Insight-A: Attribution-aware for Multimodal Misinformation Detection
Junjie Wu, Yumeng Fu, Chen Gong, Guohong Fu
TL;DR
Insight-A tackles multimodal misinformation by introducing attribution-aware reasoning for MLLMs. It combines automatic attribution-debiased prompting (ADP), cross-attribution prompting (CAP), and image captioning (IC) to attribute content to forgery-generation patterns and ensure cross-modal consistency. On MMFakeBench, Insight-A achieves state-of-the-art zero-shot performance across multiclass and binary tasks, with ablations confirming the value of ADP, CAP, IC, and attribution. This work provides a practical, attribution-driven paradigm for debunking AI-generated multimodal misinformation in the era of AIGC.
Abstract
AI-generated content (AIGC) technology has emerged as a prevalent alternative to create multimodal misinformation on social media platforms, posing unprecedented threats to societal safety.
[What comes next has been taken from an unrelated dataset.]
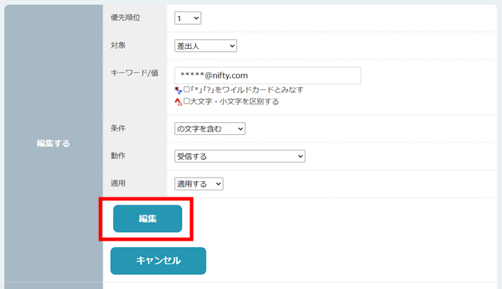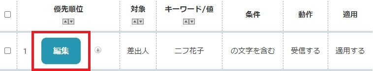 「対象」に「差出人、宛先、CC」いずれか設定していて、条件に「ディスプレイネームを含まない」場合の変更方法はこちら

However, standard prompting leverages multimodal large language models (MLLMs) to identify the emerging misinformation, which ignores the misinformation attribution. To this end, we present Insight-A, exploring attribution with MLLM insights for detecting multimodal misinformation. Insight-A makes two efforts: I) attribute misinformation to forgery sources, and II) an effective pipeline with hierarchical reasoning that detects distortions across modalities. Specifically, to attribute misinformation to forgery traces based on generation patterns, we devise cross-attribution prompting (CAP) to model the sophisticated correlations between perception and reasoning. Meanwhile, to reduce the subjectivity of human-annotated prompts, automatic attribution-debiased prompting (ADP) is used for task adaptation on MLLMs. Additionally, we design image captioning (IC) to achieve visual details for enhancing cross-modal consistency checking. Extensive experiments demonstrate the superiority of our proposal and provide a new paradigm for multimodal misinformation detection in the era of AIGC.